# [WHAT TO DO]
Excluding pictures, what does the listing below contain from the line with "Figure 2: Impact" up to and including the line with "This guitar comes", word for word?

# [DATA FOR THE TASK]
↓↓↓

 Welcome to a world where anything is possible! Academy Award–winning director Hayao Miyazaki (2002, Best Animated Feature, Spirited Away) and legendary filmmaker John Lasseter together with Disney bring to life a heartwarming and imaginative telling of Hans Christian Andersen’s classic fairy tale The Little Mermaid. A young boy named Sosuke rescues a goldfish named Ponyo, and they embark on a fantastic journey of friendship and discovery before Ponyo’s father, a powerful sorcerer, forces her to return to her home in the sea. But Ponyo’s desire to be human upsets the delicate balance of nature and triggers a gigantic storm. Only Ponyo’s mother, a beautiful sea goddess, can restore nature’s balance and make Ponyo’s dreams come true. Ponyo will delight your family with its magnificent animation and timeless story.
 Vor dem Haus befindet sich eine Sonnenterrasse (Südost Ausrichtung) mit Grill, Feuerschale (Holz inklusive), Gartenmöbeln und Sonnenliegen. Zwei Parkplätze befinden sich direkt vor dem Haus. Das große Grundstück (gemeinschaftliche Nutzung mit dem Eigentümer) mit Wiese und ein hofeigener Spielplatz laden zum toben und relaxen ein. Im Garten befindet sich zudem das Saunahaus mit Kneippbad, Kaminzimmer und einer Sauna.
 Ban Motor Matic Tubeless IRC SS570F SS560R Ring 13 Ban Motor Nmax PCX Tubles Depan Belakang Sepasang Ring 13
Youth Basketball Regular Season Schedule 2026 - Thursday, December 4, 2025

↑↑↑
↓↓↓

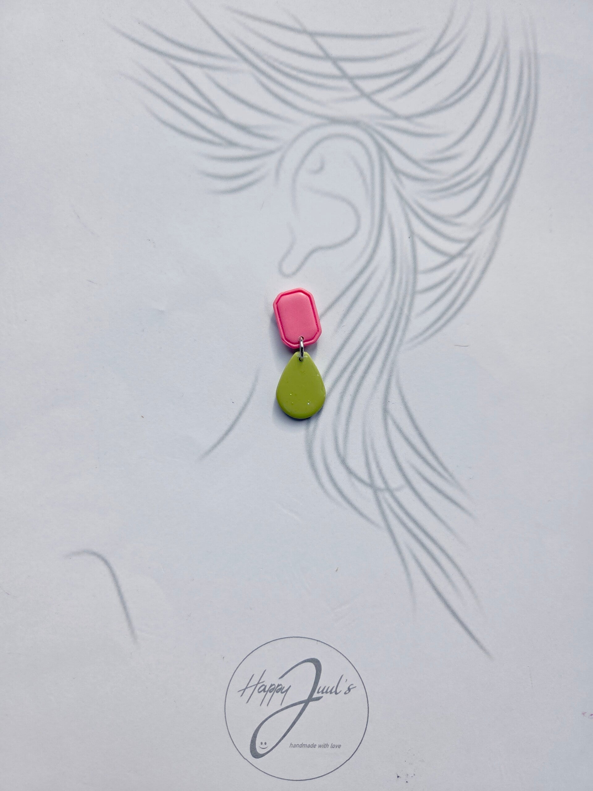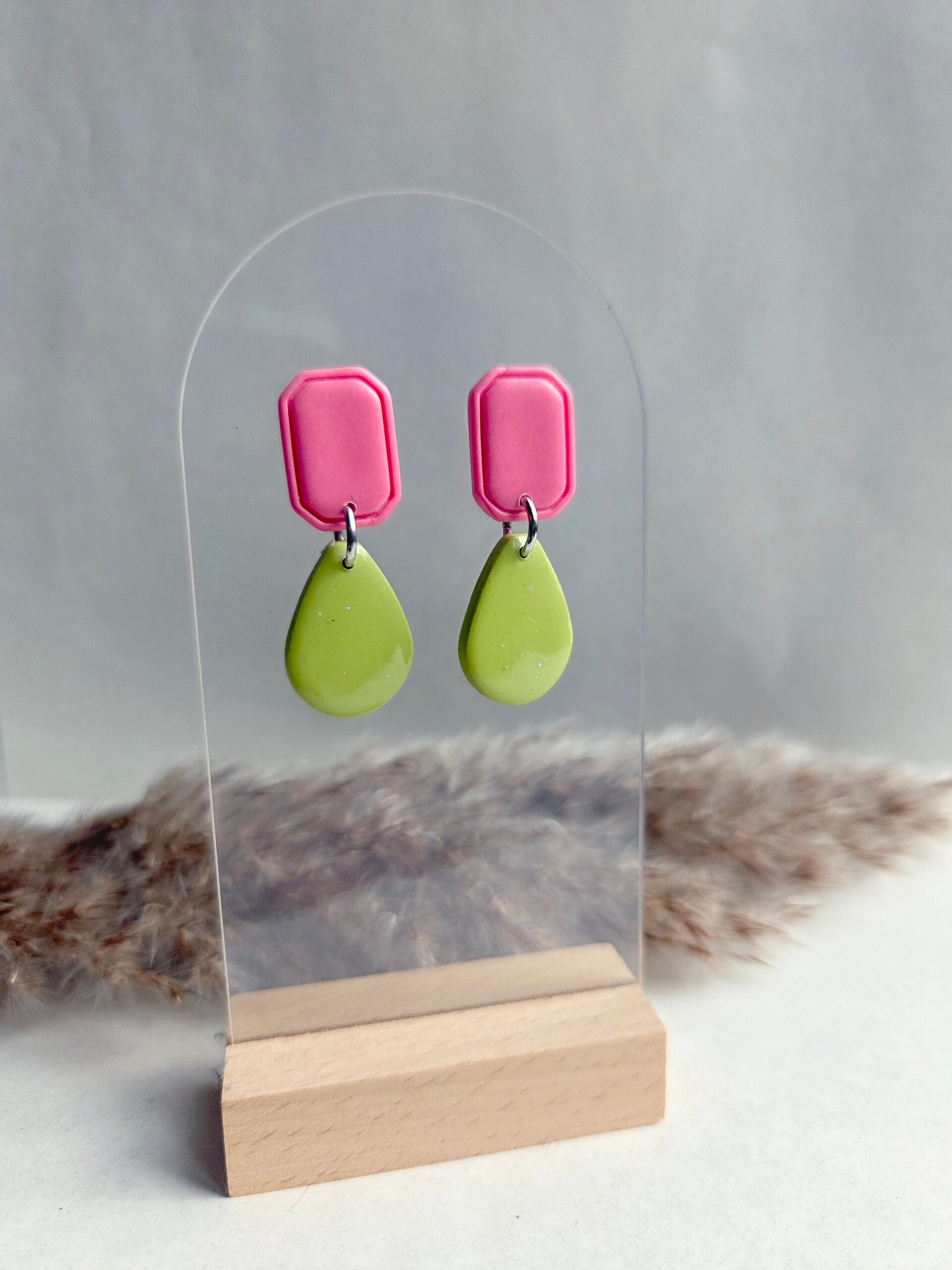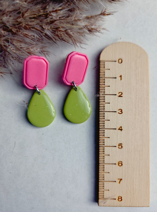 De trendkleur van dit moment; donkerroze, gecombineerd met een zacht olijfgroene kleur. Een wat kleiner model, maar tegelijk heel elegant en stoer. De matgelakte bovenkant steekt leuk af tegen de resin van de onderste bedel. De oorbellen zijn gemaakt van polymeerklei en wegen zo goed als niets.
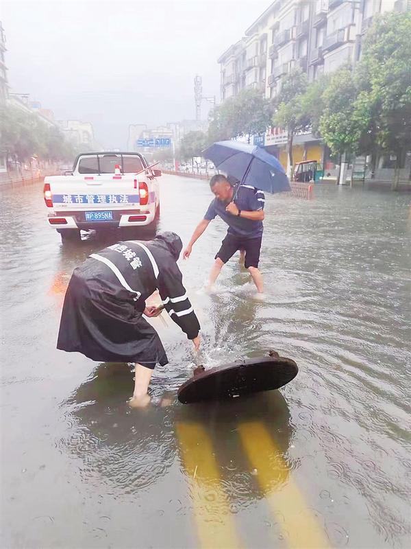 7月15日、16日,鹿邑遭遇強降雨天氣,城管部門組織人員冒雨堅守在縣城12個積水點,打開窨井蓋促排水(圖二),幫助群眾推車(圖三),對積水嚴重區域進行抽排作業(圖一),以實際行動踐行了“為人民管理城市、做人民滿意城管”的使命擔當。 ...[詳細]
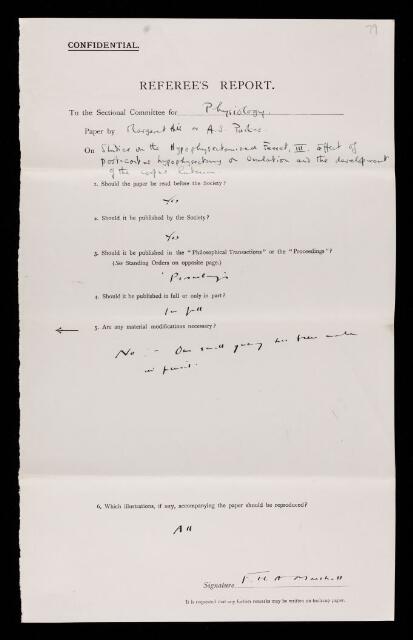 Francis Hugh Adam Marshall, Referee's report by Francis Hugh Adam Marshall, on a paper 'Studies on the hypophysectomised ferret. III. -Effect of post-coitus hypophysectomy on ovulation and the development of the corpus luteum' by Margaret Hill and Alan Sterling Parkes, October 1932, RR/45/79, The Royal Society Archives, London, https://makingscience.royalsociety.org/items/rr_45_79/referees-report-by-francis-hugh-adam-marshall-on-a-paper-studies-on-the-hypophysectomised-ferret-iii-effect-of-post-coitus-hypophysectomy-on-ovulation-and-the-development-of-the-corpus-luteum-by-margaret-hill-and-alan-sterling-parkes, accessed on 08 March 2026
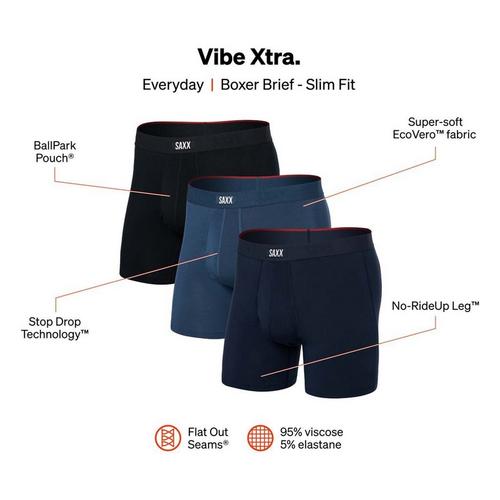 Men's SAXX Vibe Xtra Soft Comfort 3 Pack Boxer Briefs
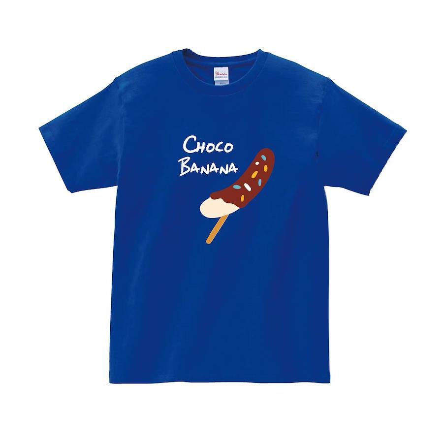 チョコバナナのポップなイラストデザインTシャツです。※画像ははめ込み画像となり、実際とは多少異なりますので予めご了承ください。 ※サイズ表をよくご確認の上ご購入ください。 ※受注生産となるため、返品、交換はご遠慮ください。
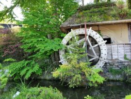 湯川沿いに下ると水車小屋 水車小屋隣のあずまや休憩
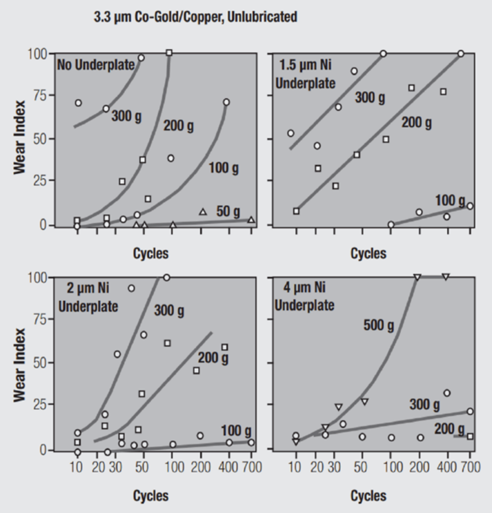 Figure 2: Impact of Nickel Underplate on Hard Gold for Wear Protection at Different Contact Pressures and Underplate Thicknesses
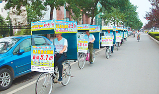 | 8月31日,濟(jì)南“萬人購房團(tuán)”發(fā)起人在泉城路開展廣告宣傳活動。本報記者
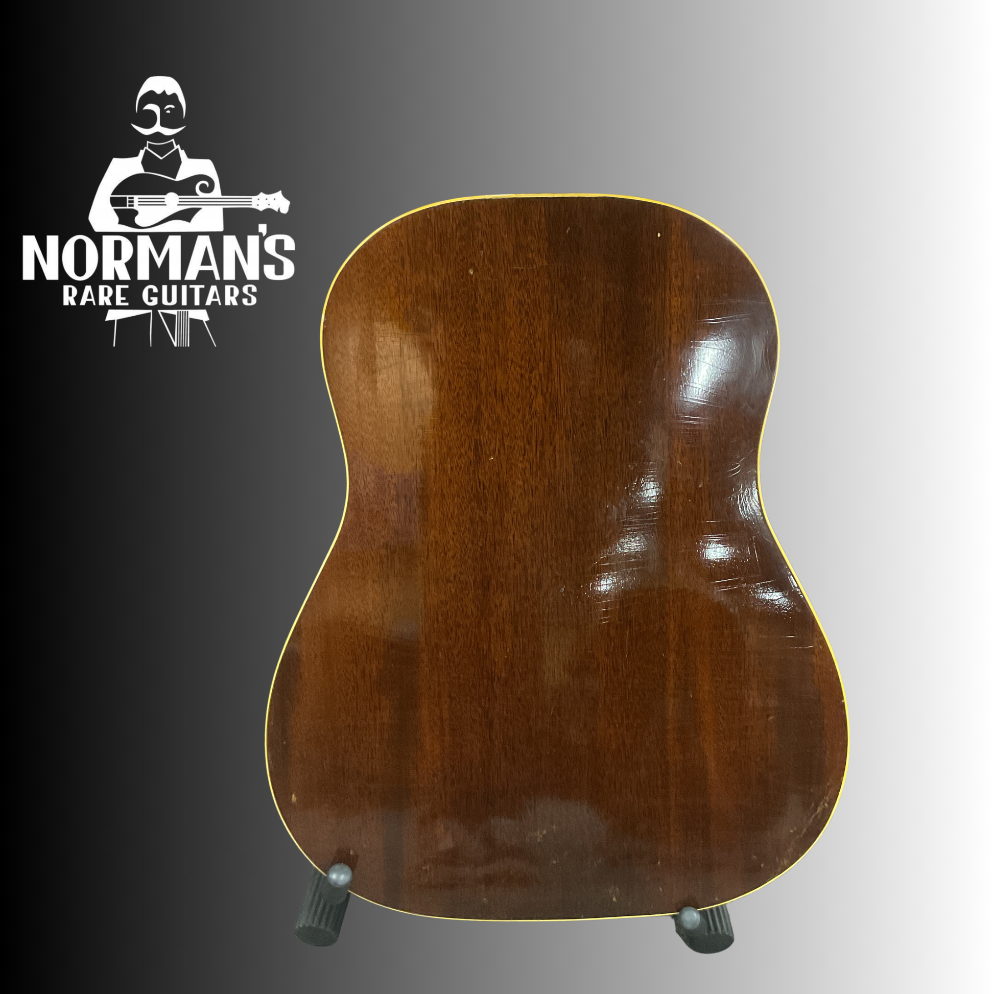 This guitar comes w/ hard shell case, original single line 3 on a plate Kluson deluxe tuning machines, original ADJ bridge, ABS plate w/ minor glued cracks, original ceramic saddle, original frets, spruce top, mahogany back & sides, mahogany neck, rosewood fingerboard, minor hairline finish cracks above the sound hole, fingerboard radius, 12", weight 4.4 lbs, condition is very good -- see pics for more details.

↑↑↑

# [RESPONSE BELOW]
 Figure 2: Impact of Nickel Underplate on Hard Gold for Wear Protection at Different Contact Pressures and Underplate Thicknesses
 | 8月31日,濟(jì)南“萬人購房團(tuán)”發(fā)起人在泉城路開展廣告宣傳活動。本報記者
 This guitar comes w/ hard shell case, original single line 3 on a plate Kluson deluxe tuning machines, original ADJ bridge, ABS plate w/ minor glued cracks, original ceramic saddle, original frets, spruce top, mahogany back & sides, mahogany neck, rosewood fingerboard, minor hairline finish cracks above the sound hole, fingerboard radius, 12", weight 4.4 lbs, condition is very good -- see pics for more details.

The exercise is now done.